Wyser-Pratte New Yorker Strippenzieher in Karlsruhe

Eiskalt, aber nicht humorlos trat Milliardär Guy Wyser-Pratte vor die teilweise erbosten IWKA-Aktionäre. Deren Vorstandschef hatte so lange im Schwitzkasten des Finanzjongleurs gehangen, bis er nun entnervt seinen Posten aufgab. Andere Topmanager, die Wyser-Pratte kritisiert hatte, gingen aber nicht in die Knie.

Karlsruhe - Der Hauptdarsteller saß gelassen in einer der vorderen Sitzreihen der Karlsruher Stadthalle und zuckte äußerlich mit keiner Wimper: Guy Wyser-Pratte, Ex-Marine, Milliardär und als knallharter Finanzinvestor bekannt, löste am Freitag einen Paukenschlag aus, noch bevor die turbulente Hauptversammlung beim Maschinen- und Anlagenbauer IWKA  überhaupt begonnen hatte.

Die Kleinaktionäre gaben gerade ihre Mäntel ab, als die Nachricht vom Rücktritt des Vorstandsvorsitzenden Hans Fahr die Runde machte. Entnervt vom monatelangen Nervenkrieg mit dem amerikanischen Großaktionär Wyser-Pratte warf der Unternehmenschef nach neun Jahren überraschend das Handtuch.

Aufsichtsratschef Reinhard Engel und sein Gremiumsmitglied, Ex-Mercedes-Chef Jürgen Hubbert, wollten spontan ebenfalls zurücktreten - doch die Aufsichtsratskollegen lehnten ab, um nicht vollständig vor Wyser-Pratte in die Knie zu gehen. Der Angreifer selbst lobte Fahr, der zur HV nicht mehr erschien, mit einer Portion Zynismus: "Ich wünsche Ihnen für Ihre berufliche Zukunft alles Gute."

Parallele zum Fall Seifert

Damit ist es ausländischen Finanzinvestoren innerhalb weniger Wochen zum zweiten Mal gelungen, den Vorstandschef eines namhaften deutschen Unternehmens zu stürzen. Einige von SPD-Chef Franz Müntefering zuvor als "Heuschrecken" bezeichnete Hedge-Fonds aus England und den USA hatten Anfang Mai den Rücktritt des Chefs der Deutschen Börse , Werner Seifert, erzwungen.

Bei IWKA lagen der Vorstand und der streitbare Wyser-Pratte seit langem im Clinch. Der Amerikaner fordert eine stärkere Konzentration des Konzerns, der 2,35 Milliarden Euro Umsatz erzielt, auf die mit 400 Millionen Euro vergleichsweise kleine Robotertechnik. Das Management sei unfähig und habe die versprochenen Gewinnziele verfehlt.

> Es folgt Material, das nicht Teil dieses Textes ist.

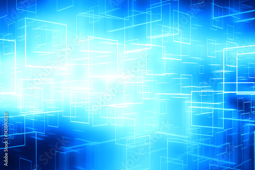 © Shawn Hempel, Obraz premium Abstract blue glowing cyberspace data boxes technology background

Wyser-Pratte: Wir sind keine Raider

Wyser-Pratte: Wir sind keine Raider

Eine komplette Zerschlagung oder Übernahme der IWKA strebe er aber nicht an, sagte Wyser-Pratte: "Wir sind keine Raider (Firmenjäger)." Er gilt in Nordamerika und Europa als äußerst cleverer Finanzjongleur: In Deutschland investierte er in Mannesmann, Rheinmetall , Babcock Borsig  oder Mobilcom  - und stieg später meist mit Gewinn wieder aus.

Vorstand und Aufsichtsrat der IWKA reagierten auf die in Interviews gestreuten Vorwürfe gereizt: Die Strategie mit drei Geschäftsbereichen (Roboter, Auto- und Verpackungstechnik) sei richtig, die Vorwürfe von Wyser-Pratte an den Haaren herbeigezogen und unredlich. Eine Klage gegen den eigenen Großaktionär sei nicht ausgeschlossen, sagte Engel. Der Amerikaner konterte amüsiert am Rednerpult: "Sie wissen, so leicht fürchte ich mich nicht."

"Schnelle Mark machen"

Auch Aktionärsschützer griffen Wyser-Pratte scharf an: "Ich habe den Eindruck, sie wollen nur die schnelle Mark machen", sagte ein Sprecher der Deutschen Schutzvereinigung für Wertpapierbesitz (DSW).

IWKA sei ein solider Konzern mit 13.200 Beschäftigten und einer stattlichen Kapitalrendite von 15 Prozent. "Wir spielen hier nicht Monopoly. Es geht nicht um die Schlossallee, sondern um das Unternehmen, die Aktionäre und die Mitarbeiter."

Wyser-Pratte attackiere ständig das Management, schade dem IWKA-Ruf und habe selbst nur "nebulöse" Strategien im Angebot. Ein erboster Kleinaktionär gab dem mächtigen Strippenzieher aus New York noch den Anlagetipp: "Wenn sie Zocken wollen, gehen sie ins Kasino nach Baden-Baden."